沼地のある森を抜けて
たぶん、普通に食卓にあるものというか食卓の一品としてぬか漬けが登場してもっと平和でさらっと読み通せる話は他にあると思うんだけど、ふと読み返したくなるのはこの本。でも読み終わった後の重さがあったんだよな、とかで躊躇っていたのを今年は完全に忘れていたので、10年以上ぶりに再読した。やはり色々考えさせられて、重かった。でもまた読み返すと思う。
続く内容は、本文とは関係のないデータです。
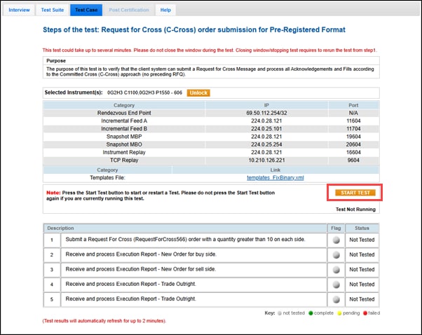 The purpose of this test is to verify that the client system can submit a Request for Cross (R-Cross) Message, wait for the proper RFC window, and process all Acknowledgments and Fills.
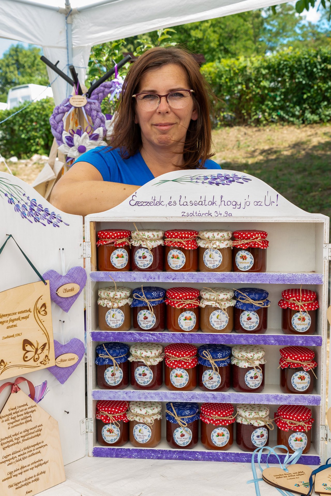 A missziós gondnok a kirakodóvásáron a Keresztyén Manufaktúra asztalánál megelégedve nyugtázza a forgalmat. – Gravírozott és kézzel festett ajándék- és használati tárgyakat: szalvétatartót, ceruzatartót, falra felakasztható szíveket, igés táblákat, textilbabákat árulunk. A Keresztyén Manufaktúra húszféle lekvárt készít évente a különféle savanyúságok mellett. Ehhez alapanyagul a parókiakertben megtermett gyümölcsöket, zöldségeket használjuk fel – magyarázza.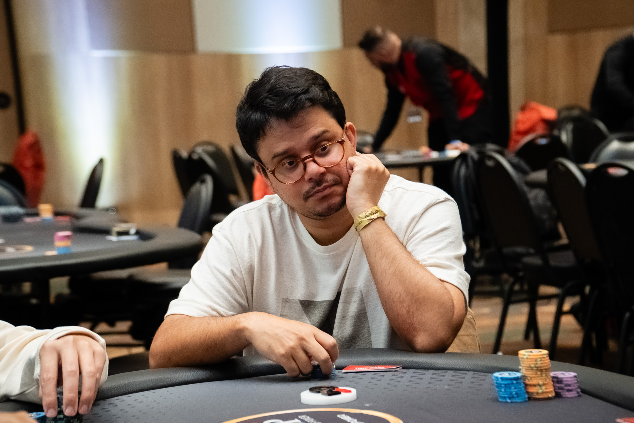 O jogador de São Paulo terminou o Dia 1 na liderança com 1.870.000 fichas. Boa parte disso veio em um pote na reta final, onde uma sequência nuts contra trinca lhe rendeu muitas fichas. O segundo colocado é Guilherme Paz, jogador de Santos, com um total de 1.545.000 fichas.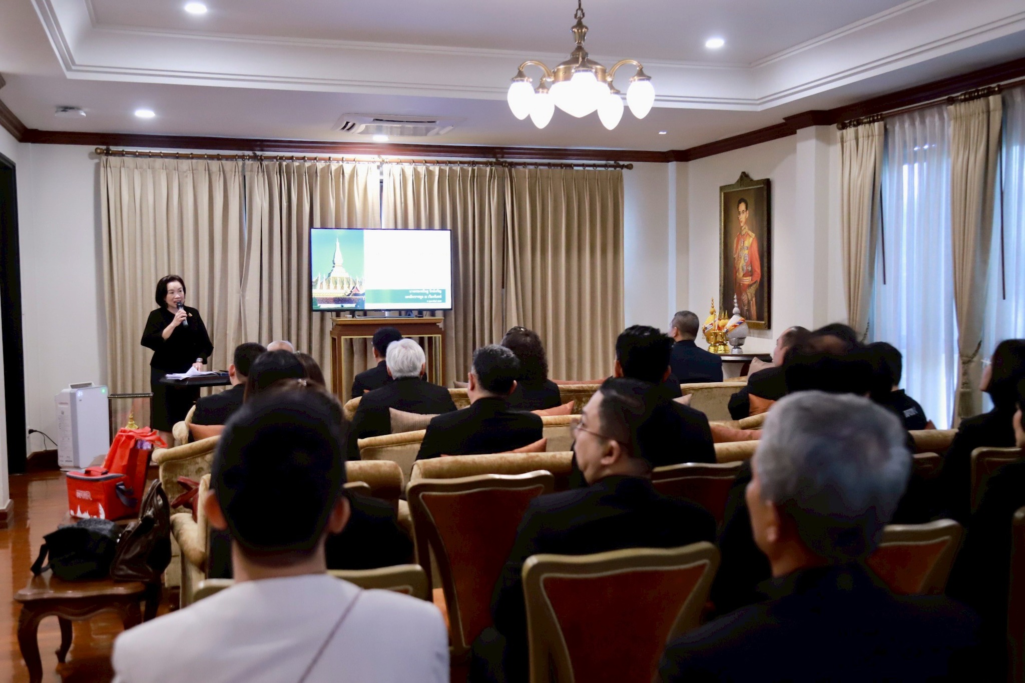คณะได้รับฟังการบรรยายเกี่ยวกับความสัมพันธ์เชิงยุทธศาสตร์เพื่อการเจริญเติบโตและการพัฒนาอย่างยั่งยืนระหว่างไทยและ สปป.ลาว ภายใต้แนวคิด “ญาติก็ใกล้ชิด มิตรก็ใกล้บ้าน” และ “กินข้าวร่วมนา กินปลาร่วมน้ำ” รวมถึงบทบาทของ สปป.ลาว ในการเป็นจุดเชื่อมโยงคมนาคมของภูมิภาค (Land bridge / Land link)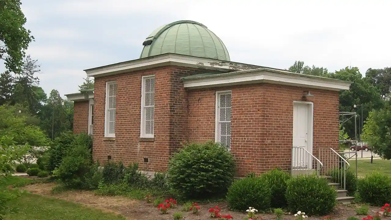 Earlham College Observatory is a historic observatory building located on the campus of Earlham College at Richmond, Wayne County, Indiana. It was built in 1861, and is a one-story, brick building with a hipped roof. It consists of a 19-foot-square central section topped by a copper dome with a removable section, and flanked by 10-foot by 19-foot sections. Beneath the revolvable dome is a -inch objective lens telescope located in the center of the main block. Note: This includes and Accompanying photographs Read more on Wikipedia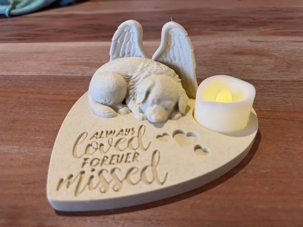 Bức tượng thiên thần Great Pyrenees này được tạo ra như một món quà tri ân đầy cảm xúc dành cho người bạn đồng hành trung thành. Với thiết kế tinh tế kèm đế cắm nến tealight, đây là vật kỷ niệm ý nghĩa để lưu giữ những ký ức đẹp về chú chó yêu quý.

ぬか漬けは大好きなんだけど、たしかにくたくたに疲れ切っている日や、外食してきてしまった日に「ああっ、漬けてたの忘れてた!」「昨日の私はなぜ漬けたんだ」等々恨めしく思うことはあって、
ぬか床を搔き回すときだけ、女は本音の顔を見せていたのかも知れない。*1
という一文に、はっとしてしまった。
いま我が家の食卓を支えてくれているぬか床は無印良品 発酵ぬかどこ 1kg 82931617で始めた*2んだけれども、ひとり暮らしになって初めてのぬか床は、実家から分けてもらったものだった。しばらく手入れを怠ってしまったときがあってダメにしてしまったのだった。たぶんいまのは3代目くらい。
実家のぬか床は父の担当で、父が不在の日だけ母が混ぜている。いまのが何代目かはわからないのだけど、初代は祖母が世話していたものを分けてもらったものだったらしい。祖母もやはりそれよりも前の代から譲り受けたものだったのだろうか、何代続いていたのだろうか、と読みながらふと、思ってしまった。
煩わしいと思うことも、面倒だと思うこともあるけど、たぶん次の引越しのときは塩で蓋をして持っていくと思う。
そしてこの本も、また読み返すと思う。